> **Work to be completed**: Every line of the listing below should be written out exactly, minus its images.

> **Input data**:
========================================
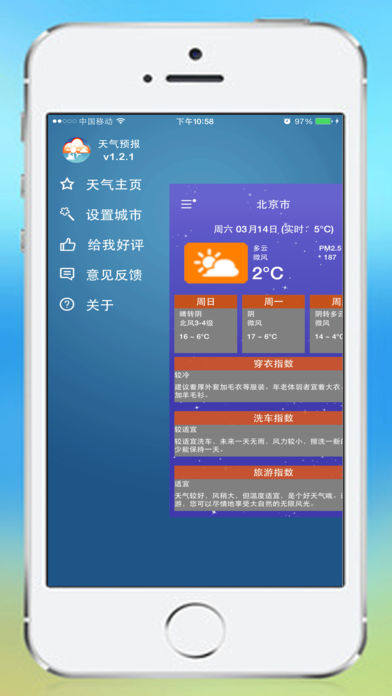 【产品简介】 包含全国3000多个城市天气信息,采用国内外多家气象机构数据,天气信息权威、准确、全面。提供信息全面24小时预报、精准的未来3天预报。空气质量、污染指数、温度趋势、PM2.5 等更加丰富、精准天气信息!提供穿衣、洗车、紫外线、感冒、运动、旅游等生活指数,是您日常生活、出行旅游的必备APP! 【特色功能】 1.语音播报:甜美女声为您播报当前天气。 2.选择城市:独创的通过地图拖动选择城市功能,自动定位城市。 3.周边天气:调用附近地图,真实坐标查阅当前城市天气。 4.生活指数:提供穿衣、洗车、紫外线、感冒、运动、旅游等生活指数。 5.分享天气:随时通过微信或微博分享天气信息。 6.当有恶劣天气将要来时,我们将提前推送通知提醒您。 【官方微信】 关注微信公众账号: 报天气 (weather-report) 【官方微博】 http://weibo.com/weathereport
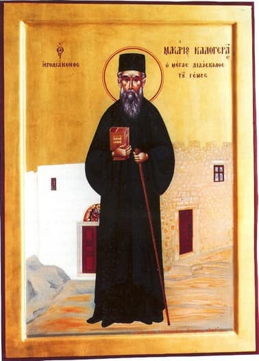 Ο Άγιος Μακάριος ο Καλογεράς, ο Εθνοδιδάσκαλος γεννήθηκε στην Πάτμο το 1688 μ.Χ., και ήταν γόνος εύπορης οικογένειας. Αργότερα πήγε στην Κωνσταντινούπολη για σπουδές και ήρθε σ΄ επαφή με σημαντικές οικογένειες και κληρικούς της Βασιλεύουσας. Μετά το τέλος των πολυετών σπουδών του υπηρέτησε ως Διάκονος πλάι στο Μητροπολίτη Νικομήδειας.
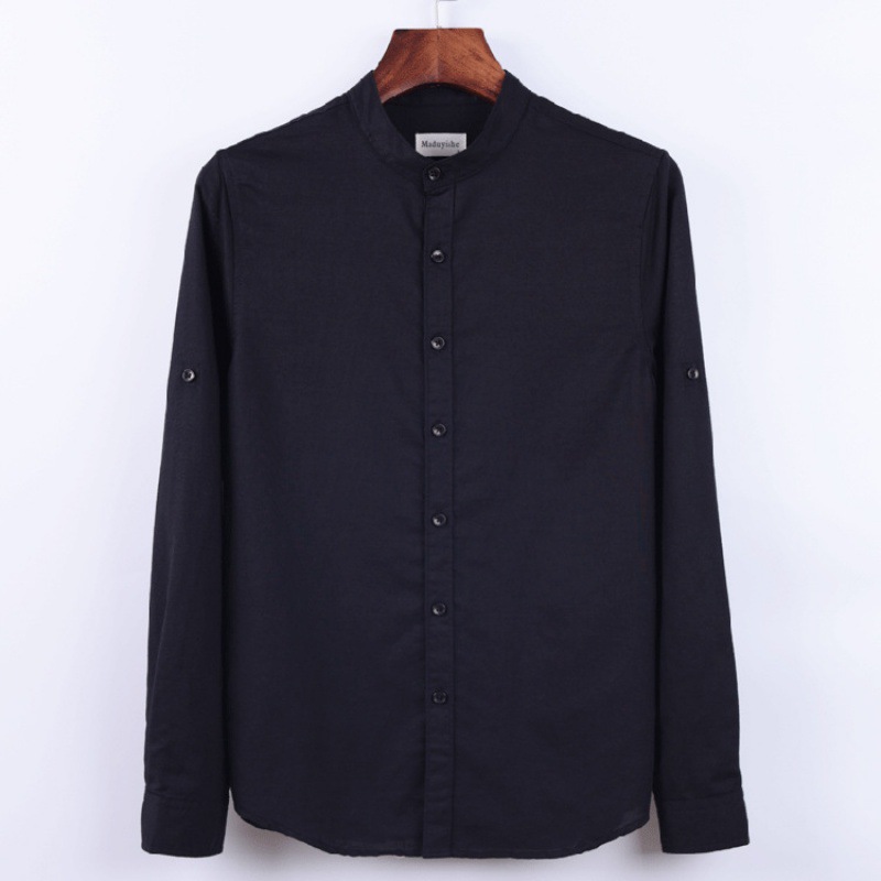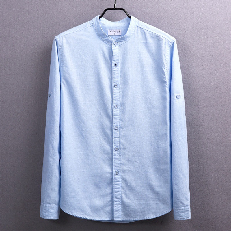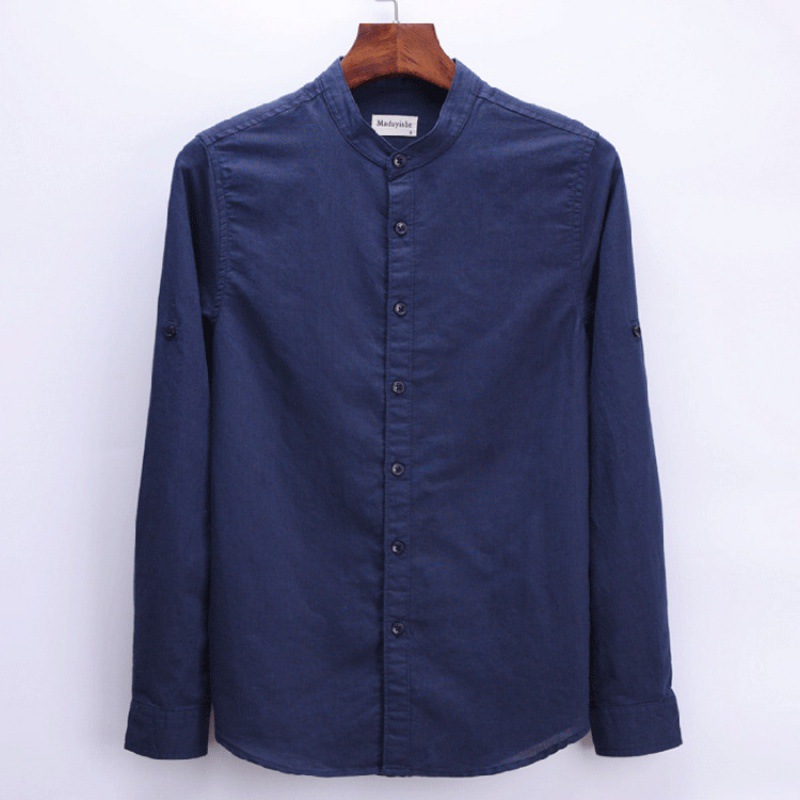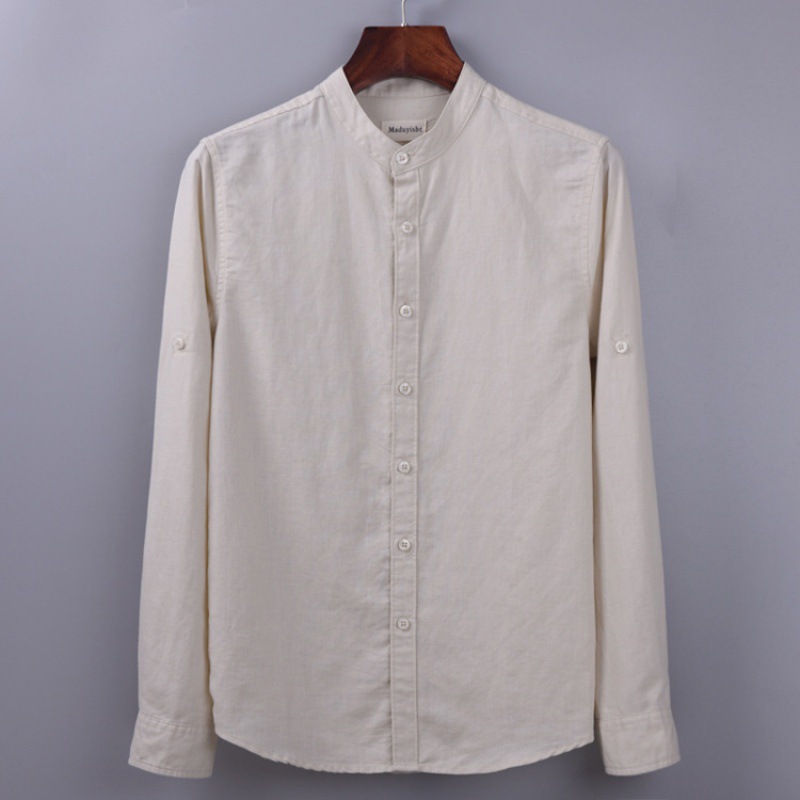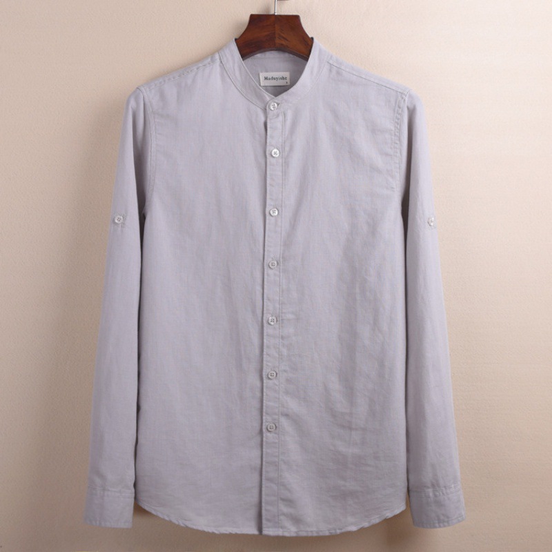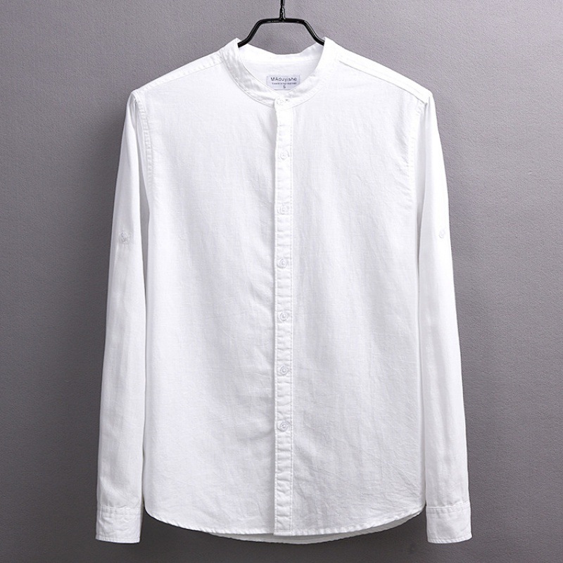 6003 단색 빈티지 중국 스타일 통기성 긴 소매 라운드 넥 린넨 셔츠 남자의 플러스 사이즈 면 린넨 스탠드 칼라 화이트 셔츠스토어 가기
========================================
> **Solution below**:
 【产品简介】 包含全国3000多个城市天气信息,采用国内外多家气象机构数据,天气信息权威、准确、全面。提供信息全面24小时预报、精准的未来3天预报。空气质量、污染指数、温度趋势、PM2.5 等更加丰富、精准天气信息!提供穿衣、洗车、紫外线、感冒、运动、旅游等生活指数,是您日常生活、出行旅游的必备APP! 【特色功能】 1.语音播报:甜美女声为您播报当前天气。 2.选择城市:独创的通过地图拖动选择城市功能,自动定位城市。 3.周边天气:调用附近地图,真实坐标查阅当前城市天气。 4.生活指数:提供穿衣、洗车、紫外线、感冒、运动、旅游等生活指数。 5.分享天气:随时通过微信或微博分享天气信息。 6.当有恶劣天气将要来时,我们将提前推送通知提醒您。 【官方微信】 关注微信公众账号: 报天气 (weather-report) 【官方微博】 http://weibo.com/weathereport
 Ο Άγιος Μακάριος ο Καλογεράς, ο Εθνοδιδάσκαλος γεννήθηκε στην Πάτμο το 1688 μ.Χ., και ήταν γόνος εύπορης οικογένειας. Αργότερα πήγε στην Κωνσταντινούπολη για σπουδές και ήρθε σ΄ επαφή με σημαντικές οικογένειες και κληρικούς της Βασιλεύουσας. Μετά το τέλος των πολυετών σπουδών του υπηρέτησε ως Διάκονος πλάι στο Μητροπολίτη Νικομήδειας.
 6003 단색 빈티지 중국 스타일 통기성 긴 소매 라운드 넥 린넨 셔츠 남자의 플러스 사이즈 면 린넨 스탠드 칼라 화이트 셔츠스토어 가기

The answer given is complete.